On February 19, 1942, President Franklin Roosevelt issued Executive Order 9066, authorizing the evacuation and internment of all persons from the West Coast deemed a threat to national security to internment centers further inland. The order gave the military broad powers to ban any citizen from the restricted zone known as Military Area 1, which encompassed the western half of Washington and Oregon, the southern half of Arizona, the western half of California from the Oregon border to Los Angeles and everything south of Los Angeles. The remainder of the U.S. made up Military Area 2.
 

Public proclamations enacted under the executive order confined Japanese Americans to a 5-mile radius from their home and instituted a curfew from 8:00 p.m. to 6:00 a.m. By mid-March Japanese Americans and Japanese immigrants living in Military Area 1 were perceived as too dangerous to go about daily business. The military decided it needed temporary detention assembly centers to house them until internment centers could be completed.
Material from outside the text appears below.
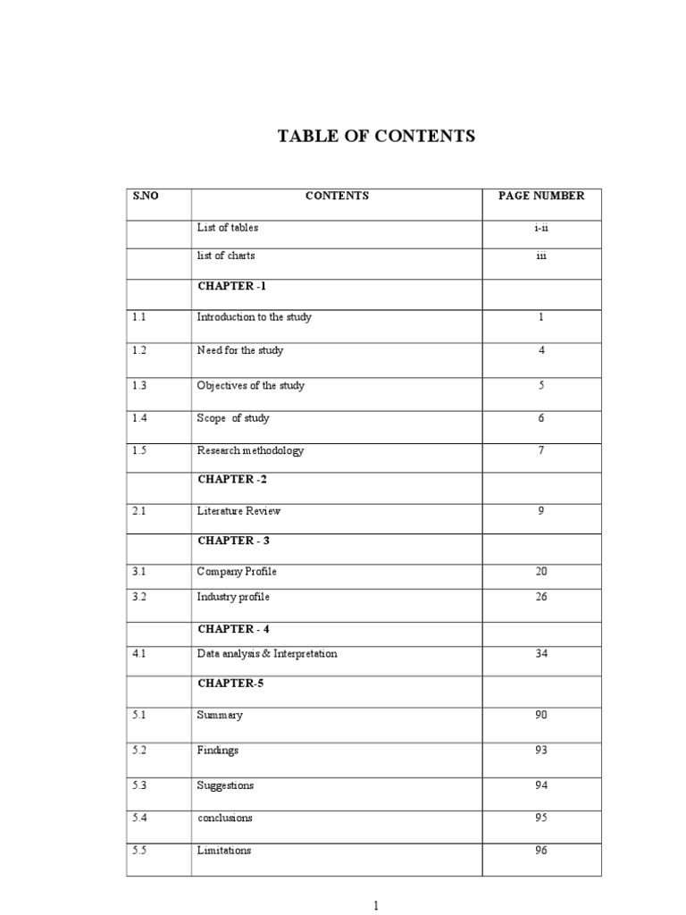 S.NO List of tables list of charts CHAPTER -1 1.1 1.2 1.3 1.4 1.5 Introduction to the study Need for the study Objectives of the study Scope of study Research methodology CHAPTER -2 2.1 Literature Review CHAPTER - 3 3.1 3.2 Company Profile Industry profile CHAPTER - 4 4.1 Data analysis & Interpretation CHAPTER-5 5.1 5.2 5.3 5.4 5.5 Summary Findings Suggestions conclusions Limitations 90 93 94 95 96 34 20 26 9 1 4 5 6 7 CONTENTS PAGE NUMBER i-ii iii

A civilian organization called the War Relocation Authority was created for this purpose.
 

During April 1942, sixteen temporary detention assembly centers were established -- nine at fairgrounds, two at horse racetracks (Santa Anita and Tanforan, California), two at migrant workers camps (Marysville and Sacramento, California), one at a livestock exposition hall (Portland, Oregon), one at a mill site (Pinedale, California) and one at an abandoned Civilian Conservation Corps (CCC) camp (Mayer, Arizona). Another assembly center was to be established in Cave Creek but was deemed unneeded. The forced removal and internment of over 110,000 American citizens of Japanese ancestry and Japanese immigrants began.
 

Mayer is located 28 miles southeast of Prescott on State Highway 69. The assembly center was established at the abandoned CCC camp. Civilian Exclusion Order Number 38 required that internees from southern Arizona (Maricopa, Pima and Yuma Counties) be transported and processed at this assembly center. The majority were from Glendale and Mesa along the Salt River Valley.
 

The May 4, 1942 edition of the Prescott Evening Courier reported that internees had to register and evacuate their homes and property by May 8th. Many of them had to dispose of land, businesses and property. They could bring only bedding, clothing, tableware and essential personal effects. The May 8, 1942 edition of the Prescott Evening Courier reported that 172 internees were transported by buses to the Mayer site that day, with eleven arriving the day before. The article reported “many internees expressed loyalty to the United States and exhibited war bonds purchased with proceeds from the sale of their property”.
 

The Mayer Assembly Center, the smallest of the centers, was occupied for only 27 days (May 7 to June 2, 1942). Despite the barbed wire and armed guards, internees made the best of their accommodations, holding church services, starting vegetable gardens and constructing a recreational facility. In total, 245 internees (90% were American-born of Japanese ancestry) were confined there. They were moved on June 2, 1942 to the Poston (Colorado River) Incarceration Center near Parker and the Mayer Assembly Center was closed. After World War II, despite lingering hostile discrimination and bitter attitudes towards Japanese Americans citizens, many internees returned to the same communities to re-build their lives and re-establish successful farms and businesses.
 

Today, nothing remains of the Mayer Assembly Center. Construction of State Highway 69 and stores, restaurants and other businesses along Central Avenue in Mayer have obliterated all traces of it, but the hardships that those interned Japanese American citizens endured should always be remembered.
 

“Days Past” is a collaborative project of the Sharlot Hall Museum and the Prescott Corral of Westerners International (www.prescottcorral.org). This and other Days Past articles are also available at archives.sharlothallmuseum.org/articles/days-past-articles/1. The public is encouraged to submit proposed articles and inquiries to dayspast@sharlothallmuseum.org. Please contact SHM Research Center reference desk at 928-445-3122 Ext. 2, or via email at archivesrequest@sharlothallmuseum.org for information or assistance with photo requests.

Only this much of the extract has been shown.